(Problem requirements)
Could you output each line below exactly as it appears, excluding any pictures?

(Supplied information)
Start of Block
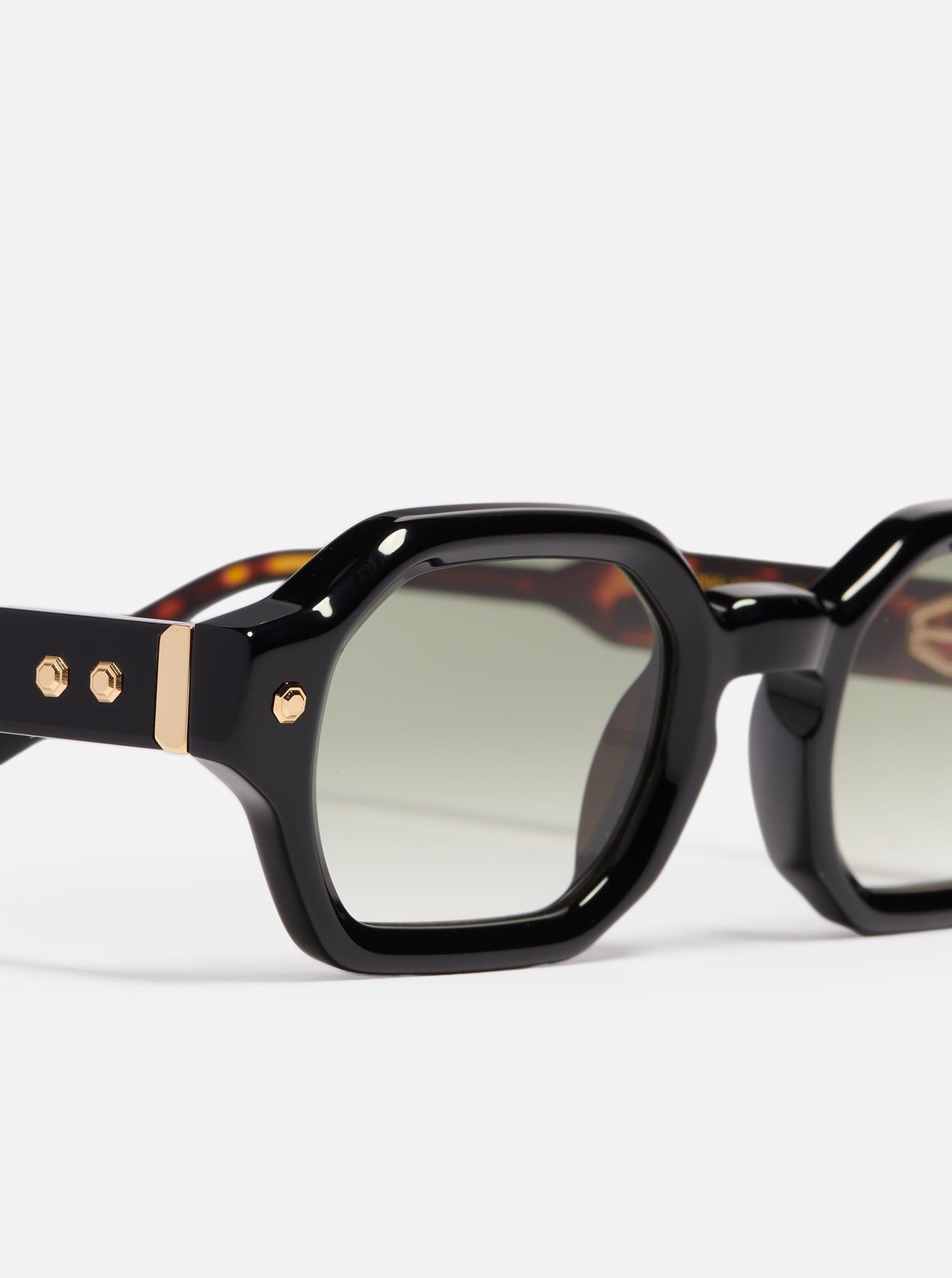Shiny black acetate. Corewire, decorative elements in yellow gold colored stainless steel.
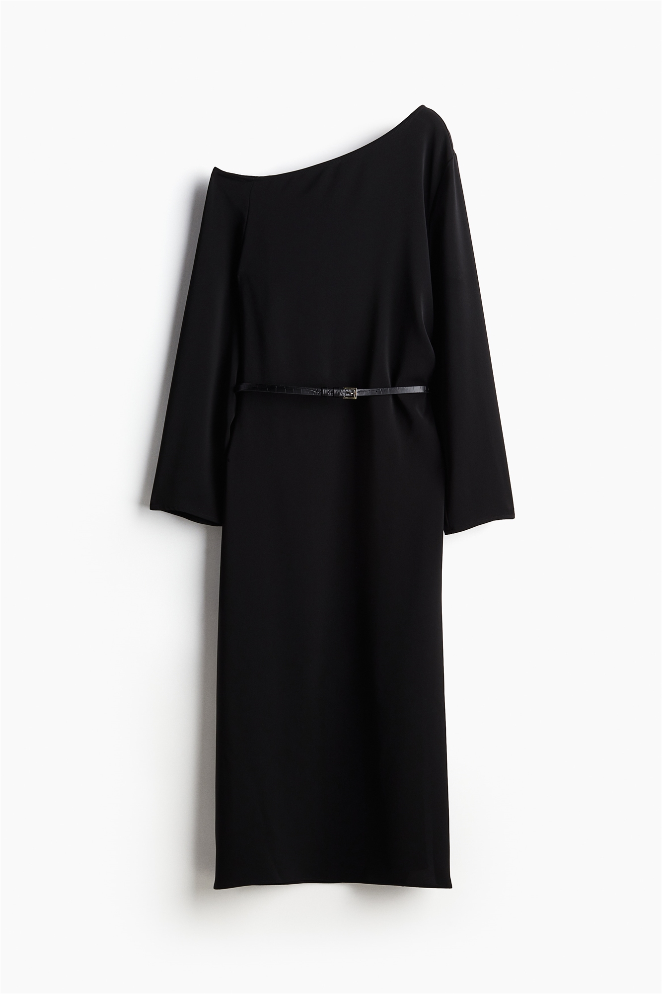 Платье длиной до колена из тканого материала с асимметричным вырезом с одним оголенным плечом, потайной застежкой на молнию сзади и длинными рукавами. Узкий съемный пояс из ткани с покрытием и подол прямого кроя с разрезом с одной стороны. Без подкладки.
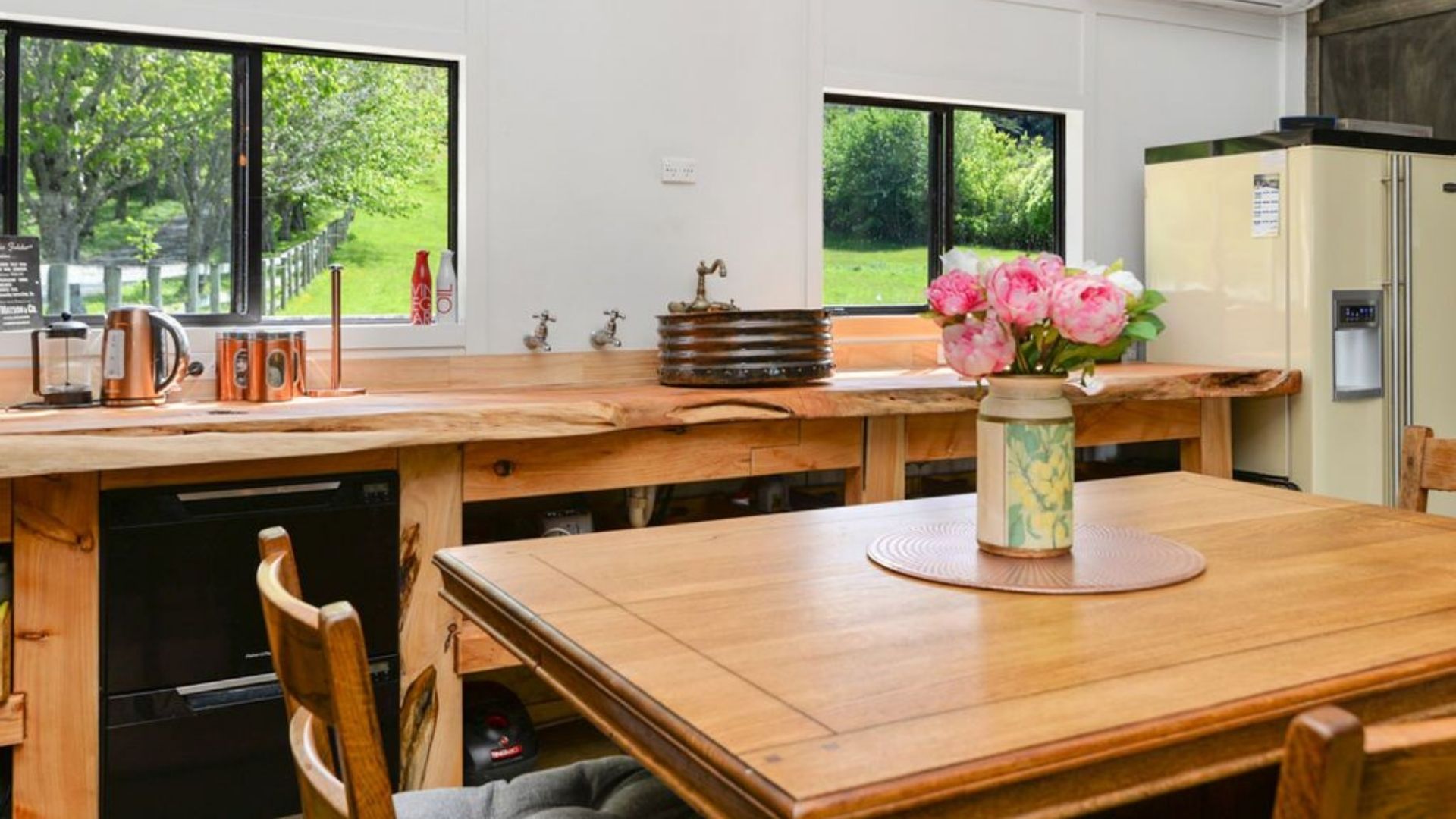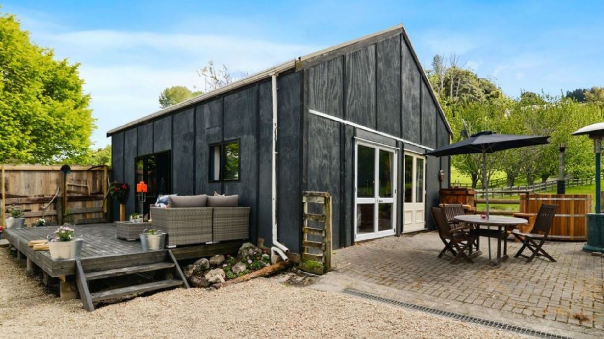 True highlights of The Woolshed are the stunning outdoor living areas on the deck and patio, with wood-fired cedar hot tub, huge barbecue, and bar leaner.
End of Block
(Your solution)
Shiny black acetate. Corewire, decorative elements in yellow gold colored stainless steel.
 Платье длиной до колена из тканого материала с асимметричным вырезом с одним оголенным плечом, потайной застежкой на молнию сзади и длинными рукавами. Узкий съемный пояс из ткани с покрытием и подол прямого кроя с разрезом с одной стороны. Без подкладки.
 True highlights of The Woolshed are the stunning outdoor living areas on the deck and patio, with wood-fired cedar hot tub, huge barbecue, and bar leaner.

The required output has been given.